Data records:
_ _ _

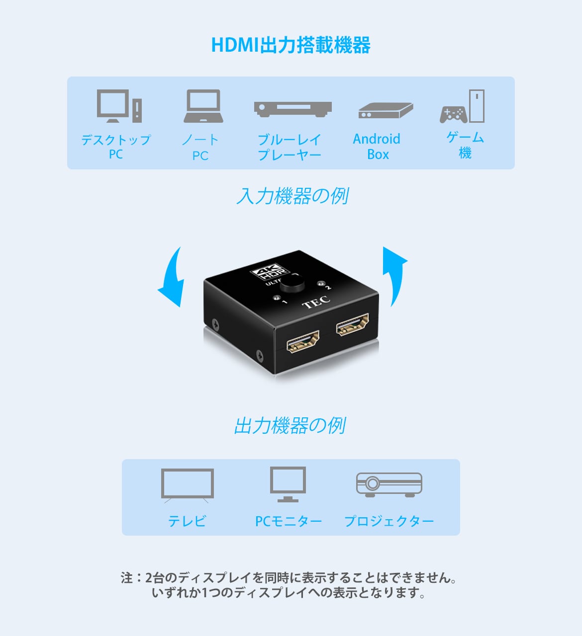 メーカー保証あり 4K HDR対応 双方向 HDMI切替器 分配器 スプリッター THDSW2W-4K60 TEC テック
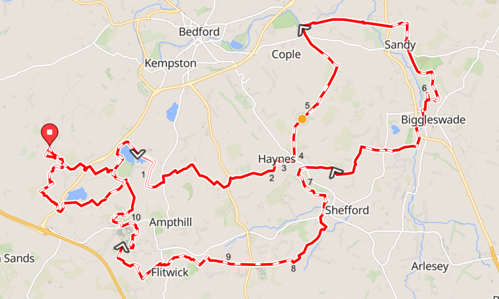 This is a big ride. It reaches some nice sectors that are beyond the scope of the normal 2 hours or so from Cranfield. Taking a direct line to get to the further reaches is still worthwhile, may reduce the time needed, but would still need good legs.
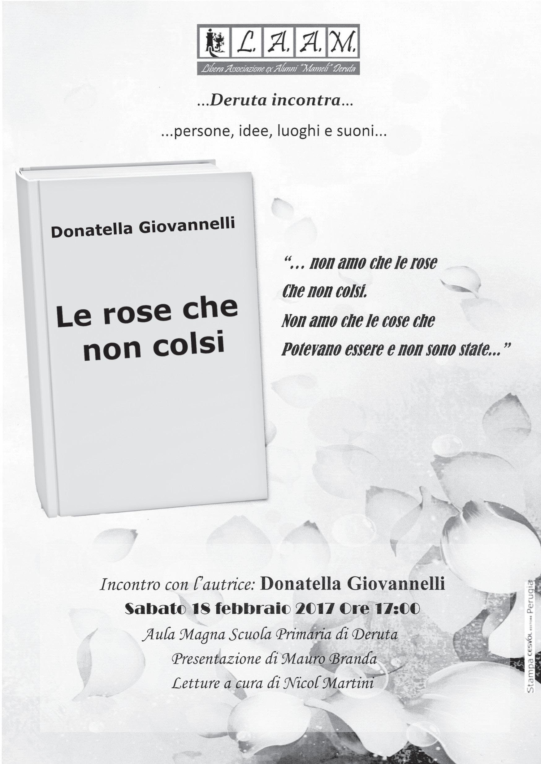 Donatella Giovannelli è nata a Foligno ed ha abitato a Gualdo Cattaneo fino al 1995 trasferendosi poi a Deruta ove risiede tuttora.
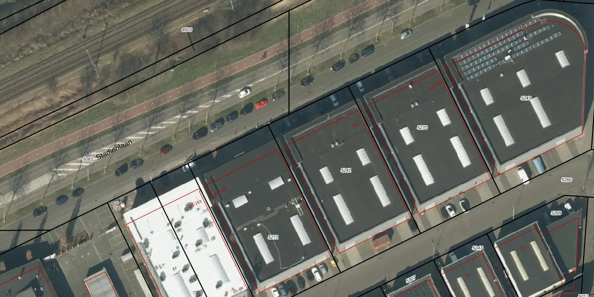 Stadionlaan 161 is gelegen op kadastraal perceel RML00E5241. Deze kadastrale aanduiding is uniek en wordt gebruikt door het Kadaster om eigendomsrechten en andere zakelijke rechten vast te leggen. Het perceel maakt onderdeel uit van de kadastrale gemeente Rosmalen.
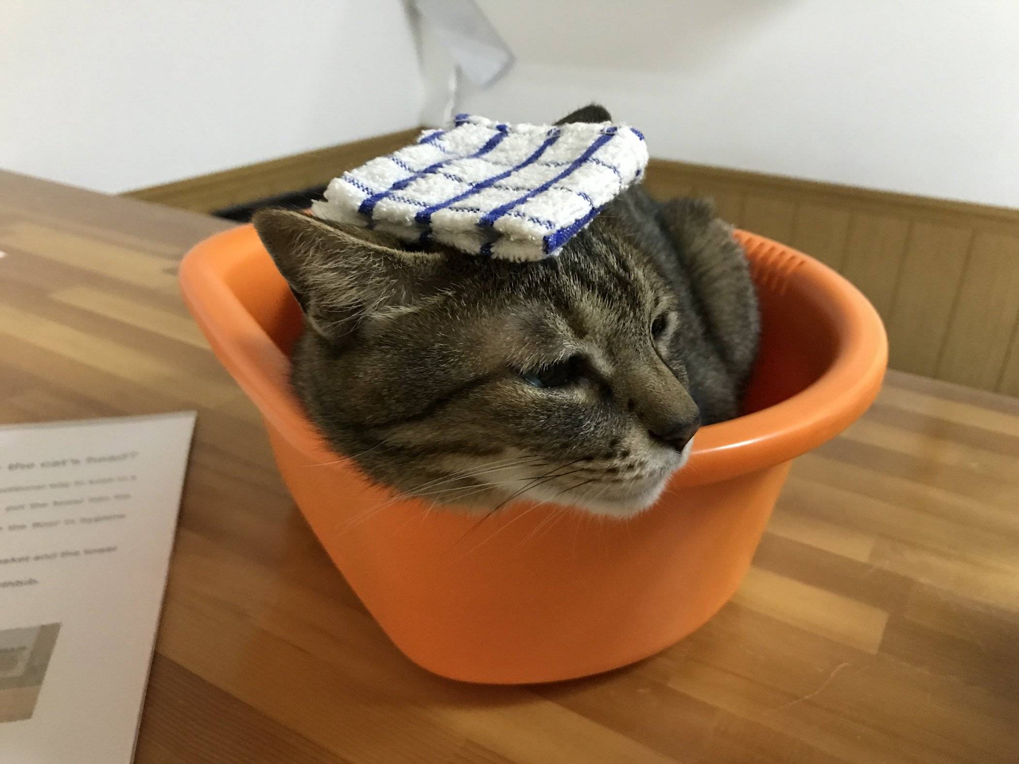 Then, I met the lovely ladies behind the desk. First, they were very kind and made me feel welcome by seating me, taking my drink order (I had an iced tea) and then giving me some information about the cats, including why the cat in the orange tub has a towel on his head? Answer: because Japanese people do the same when going to Onsen, Japanese baths. They went out of their way to cater to their guests, but it was clear they love the cats first and foremost.
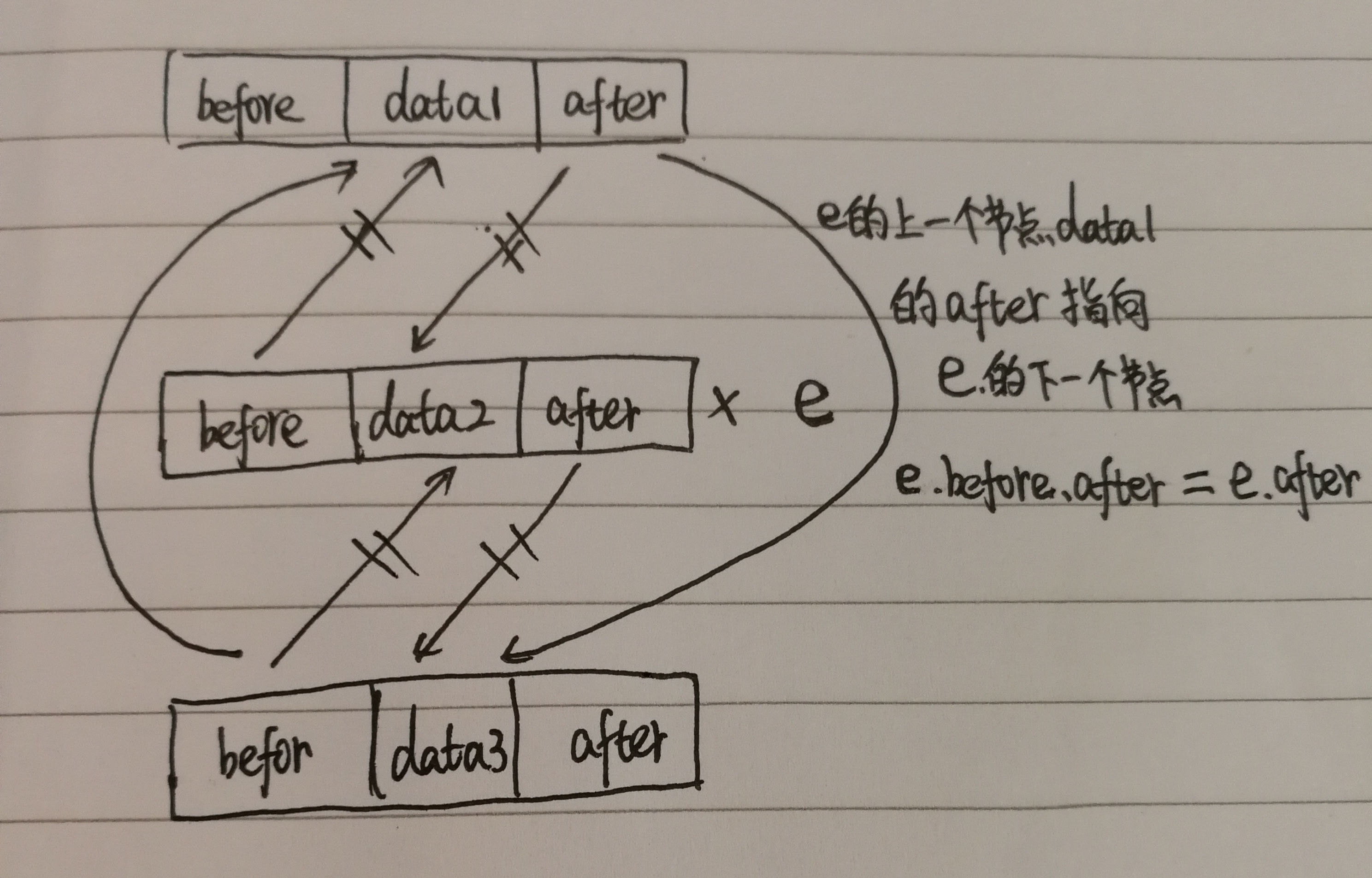 分析1:如果e是头结点,则head指向e.after;否则e的上一个节点的after指向e.after
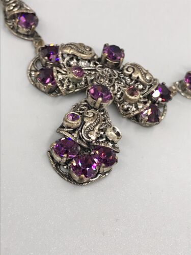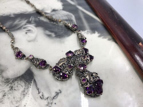 Antik alt Collier Halskette lila Steine Miriam Haskell? nicht signiert
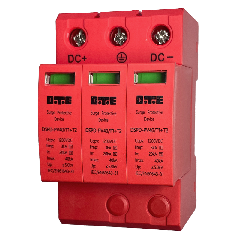 Ogranicznik przepięć DSPD-DC1200-40 3P klasy T1+T2 (B+C) służy do ochrony instalacji fotowoltaicznej przed napięciami indukowanymi, łączeniowymi oraz wywołanymi przez czynniki atmosferyczne.
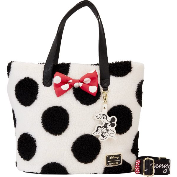 Next up in this collection, is this Sherpa tote bag! We love how fuzzy this bag looks and we can’t wait to get our hands on it. It features a vintage-inspired Minnie Mouse Charm and a leather bow– and we have to say, we’re loving the leather/sherpa combo. It also has a strap so you can turn this bag into a crossbody! Versatility at its finest.
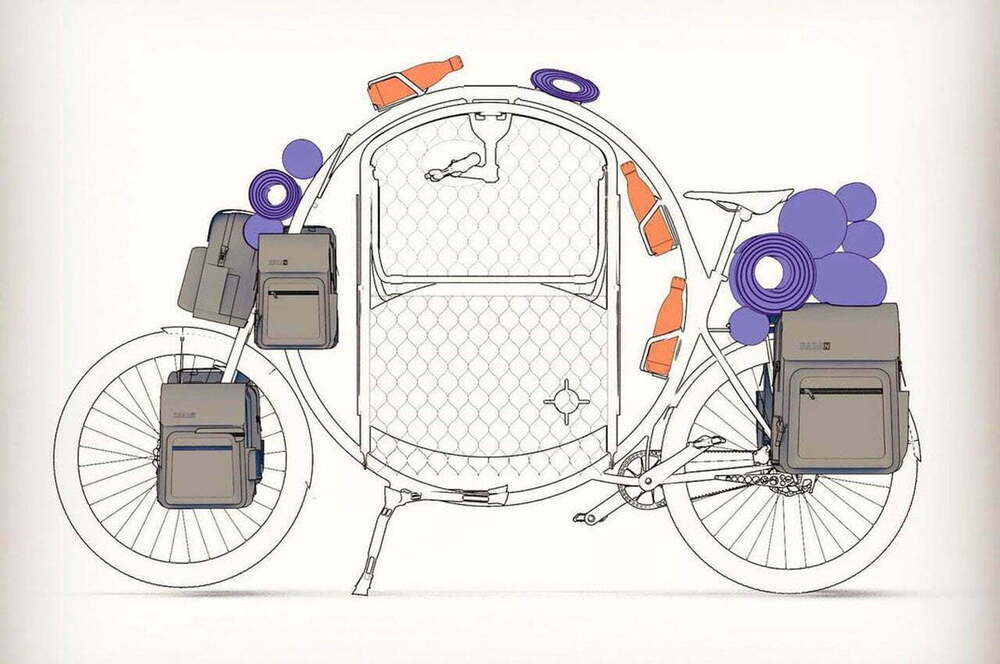 Cercle’ın kadrosu oturmak, yemek yapmak, çalışmak, dinlenmek ve hatta uyumak dahil her türlü ihtiyaç için kullanılabiliyor. Hiç karbon ayak izi bırakmayan çılgın 21. yüzyıl göçebelerinin kalbini çalacak türden bir tasarım. Dikkatle bakarsanız koltuğun yanı sıra sehpalarının da olduğunu görebilirsiniz. Ayrıca geriye yatırdığınızda koltuk kolayca yatağa dönüşebiliyor. Kadronun kendisi ise yüksekte kaldığından çadır iskeleti işlevi görebiliyor. Yani bir sineklikle ya da tente ile yatağınızın üzerini kolaylıkla kapatabiliyorsunuz. Böylece böcek ısırıklarından ya da hava koşullarından korunabiliyorsunuz. Bisikletin önünde ve arkasında eşyaları koyacak bolca bagaj alanı bulunuyor.
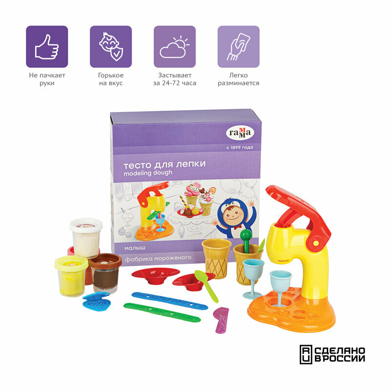 Гамма Тесто для лепки Малыш Фабрика мороженого 4 цвета
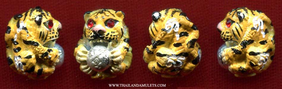 Tiger amulet batch "Bucha Kru"(Worship Masters/Elders) at WatBangphra b.e.2556(a.d.2013). Good designed, powerful blessing protection Tiger amulet. Image of Tiger holding gold/silver bag to welcome wealth fortune, filled/wrote with yans blessing mantras for protection, attached with gring holy bell inside for successful purpose. Good tiger amulet from WatBangphra.
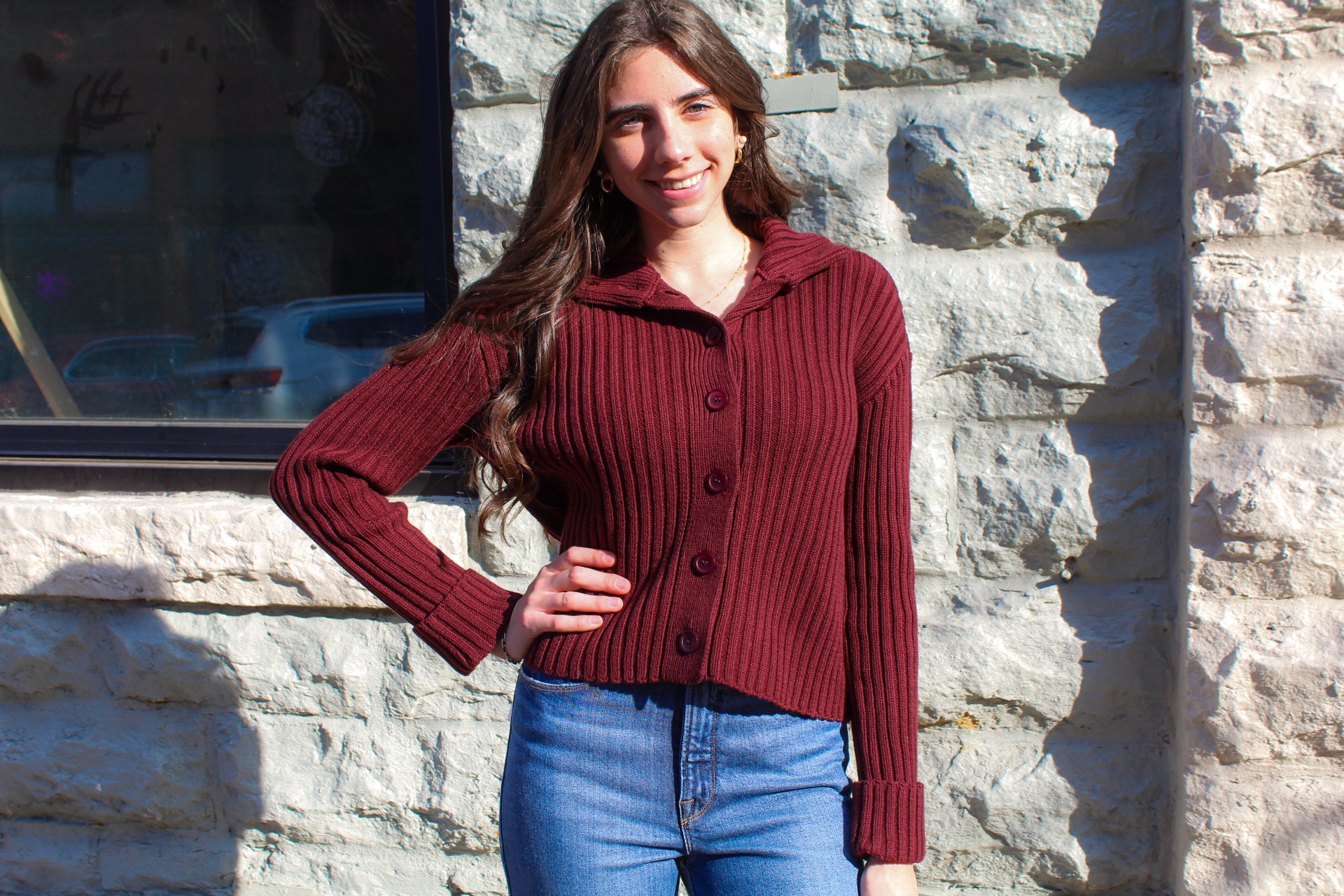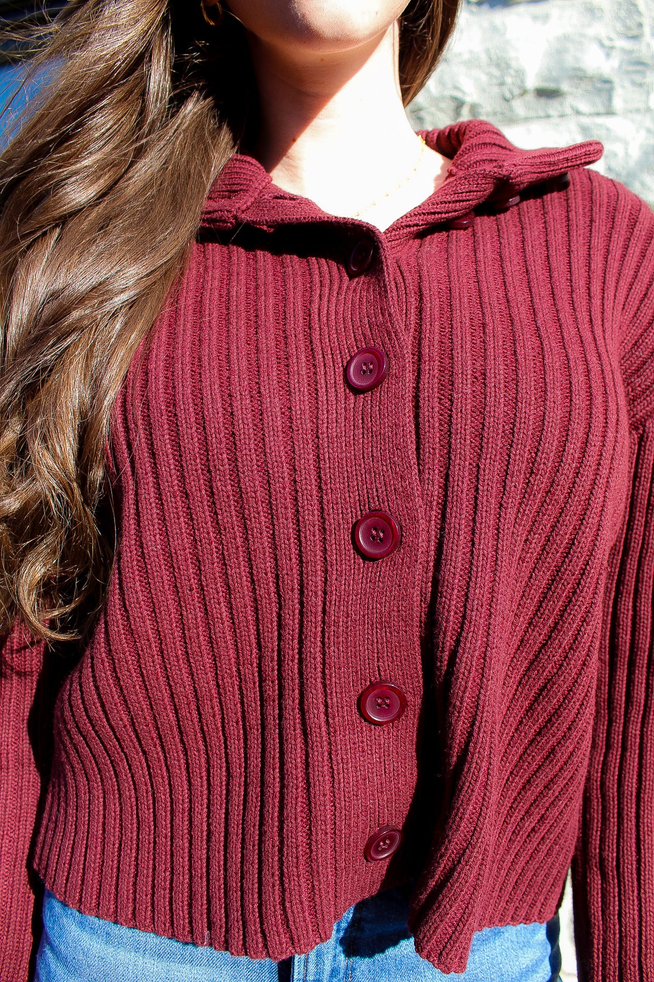 Features a long sleeve mock neck design in a deep burgundy color, this cardigan will keep you warm and stylish. Perfect for layering, its versatile design can be dressed up or down for any occasion. Embrace comfort and style with the Lakshmi cardigan.

_ _ _

[Instructions to follow] Omit the pictures and write out the remaining data exactly.

[Written solution]
 メーカー保証あり 4K HDR対応 双方向 HDMI切替器 分配器 スプリッター THDSW2W-4K60 TEC テック
 This is a big ride. It reaches some nice sectors that are beyond the scope of the normal 2 hours or so from Cranfield. Taking a direct line to get to the further reaches is still worthwhile, may reduce the time needed, but would still need good legs.
 Donatella Giovannelli è nata a Foligno ed ha abitato a Gualdo Cattaneo fino al 1995 trasferendosi poi a Deruta ove risiede tuttora.
 Stadionlaan 161 is gelegen op kadastraal perceel RML00E5241. Deze kadastrale aanduiding is uniek en wordt gebruikt door het Kadaster om eigendomsrechten en andere zakelijke rechten vast te leggen. Het perceel maakt onderdeel uit van de kadastrale gemeente Rosmalen.
 Then, I met the lovely ladies behind the desk. First, they were very kind and made me feel welcome by seating me, taking my drink order (I had an iced tea) and then giving me some information about the cats, including why the cat in the orange tub has a towel on his head? Answer: because Japanese people do the same when going to Onsen, Japanese baths. They went out of their way to cater to their guests, but it was clear they love the cats first and foremost.
 分析1:如果e是头结点,则head指向e.after;否则e的上一个节点的after指向e.after
 Antik alt Collier Halskette lila Steine Miriam Haskell? nicht signiert
 Ogranicznik przepięć DSPD-DC1200-40 3P klasy T1+T2 (B+C) służy do ochrony instalacji fotowoltaicznej przed napięciami indukowanymi, łączeniowymi oraz wywołanymi przez czynniki atmosferyczne.
 Next up in this collection, is this Sherpa tote bag! We love how fuzzy this bag looks and we can’t wait to get our hands on it. It features a vintage-inspired Minnie Mouse Charm and a leather bow– and we have to say, we’re loving the leather/sherpa combo. It also has a strap so you can turn this bag into a crossbody! Versatility at its finest.
 Cercle’ın kadrosu oturmak, yemek yapmak, çalışmak, dinlenmek ve hatta uyumak dahil her türlü ihtiyaç için kullanılabiliyor. Hiç karbon ayak izi bırakmayan çılgın 21. yüzyıl göçebelerinin kalbini çalacak türden bir tasarım. Dikkatle bakarsanız koltuğun yanı sıra sehpalarının da olduğunu görebilirsiniz. Ayrıca geriye yatırdığınızda koltuk kolayca yatağa dönüşebiliyor. Kadronun kendisi ise yüksekte kaldığından çadır iskeleti işlevi görebiliyor. Yani bir sineklikle ya da tente ile yatağınızın üzerini kolaylıkla kapatabiliyorsunuz. Böylece böcek ısırıklarından ya da hava koşullarından korunabiliyorsunuz. Bisikletin önünde ve arkasında eşyaları koyacak bolca bagaj alanı bulunuyor.
 Гамма Тесто для лепки Малыш Фабрика мороженого 4 цвета
 Tiger amulet batch "Bucha Kru"(Worship Masters/Elders) at WatBangphra b.e.2556(a.d.2013). Good designed, powerful blessing protection Tiger amulet. Image of Tiger holding gold/silver bag to welcome wealth fortune, filled/wrote with yans blessing mantras for protection, attached with gring holy bell inside for successful purpose. Good tiger amulet from WatBangphra.
 Features a long sleeve mock neck design in a deep burgundy color, this cardigan will keep you warm and stylish. Perfect for layering, its versatile design can be dressed up or down for any occasion. Embrace comfort and style with the Lakshmi cardigan.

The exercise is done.